Another traditionalist reviewer, Grigore Bugarin, argued that Buruieni de dragoste was written in "masterly Romanian, with unexpected charm. [...] The protagonists come alive. As soon as you close the book, you may close your eyes and hear them speak, watch them gesticulate." The novel, Bugarin claimed, "is a lifelike expression of today's Romanian bourgeoisie." Agreeing with Crevedia's politics, but also with his ideal of the "intellectual woman", Bâtiu concluded: "In this literary era of ours, when so many indecent and pornographic books are shamelessly published by authors of dubious origins, these Love Weeds settle in as a gentle breeze". On the modernist side, Lovinescu also argued that Buruieni de dragoste was Crevedia's most accomplished work. "Poorly structured" and "embarrassing for those familiar with literary life", it was nonetheless more analytical, and had "a poetic note and vigorous expression".

==Legacy==
The writer was survived by his wife Maria, by his son, and by Barbu's two half-sisters. Maria Crevedia announced in 1983 that she was still holding notebooks of her husband's unpublished prose and poetry; a similar comment had been made in 1982 by Bulgăr, who also held on to Crevedia's self-anthology. Diana Crevedia, married Cristev, worked for the Museum of Romanian Literature and was an editor of Manuscriptum. A translator of works by her more famous half-brother, she later emigrated to Italy. In 2018, she and her sister provided the military magazine România Eroică some fragments from their father's unpublished Mămăligă. Well regarded by the Ceaușescu regime, Barbu remained active at the forefront of Romanian politics and literature through to the 1989 Revolution. A subset of protochronist ideology, his cell of pro-Ceaușescu writers was sometimes known as the "Barbu Group", with Barbu himself co-opted on the Communist Party Central Committee; however, his reputation as an author suffered after revelations of plagiarism, and he was sidelined in the 1970s. As editor of Săptămîna, he cultivated poet Corneliu Vadim Tudor, famous for introducing antisemitic themes to the national-communist discourse. Following the Revolution, Barbu, Tudor and Iosif Constantin Drăgan set up an ultra-nationalist Greater Romania Party.

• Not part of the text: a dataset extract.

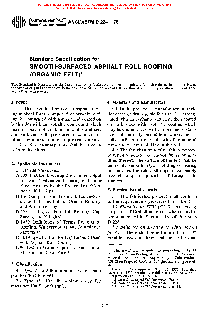 Standard Specification for Smooth-Surfaced Asphalt Roll Roofing (Organic Felt) (Withdrawn 2002)

In his lifetime, Crevedia was a stylistic influence not only on Eugen Barbu, but also on poets such as Ion Mara and Dumitru Gherghinescu-Vania. However, his record in cultural memory remained largely untapped: in 1983, poet Nicolae Stoian had complained that Crevedia, like his younger colleague Mihu Dragomir, had been "relegated into oblivion." In December 1990, Pericle Martinescu depicted him as one of the "utterly wronged" poets, whose works had been "successful at the time of their writing" but were no longer mentioned at all in later scholarship. The early 1990s also witnessed the publications of memoirs by Crevedia's one-time associate Constantin Virgil Gheorghiu, who was living in exile in France. Literary critic Cornel Ungureanu argues that these texts greatly overstated Crevedia's cultural importance, elevating him from the "picturesque underground" to which both he and Gheorghiu naturally belonged.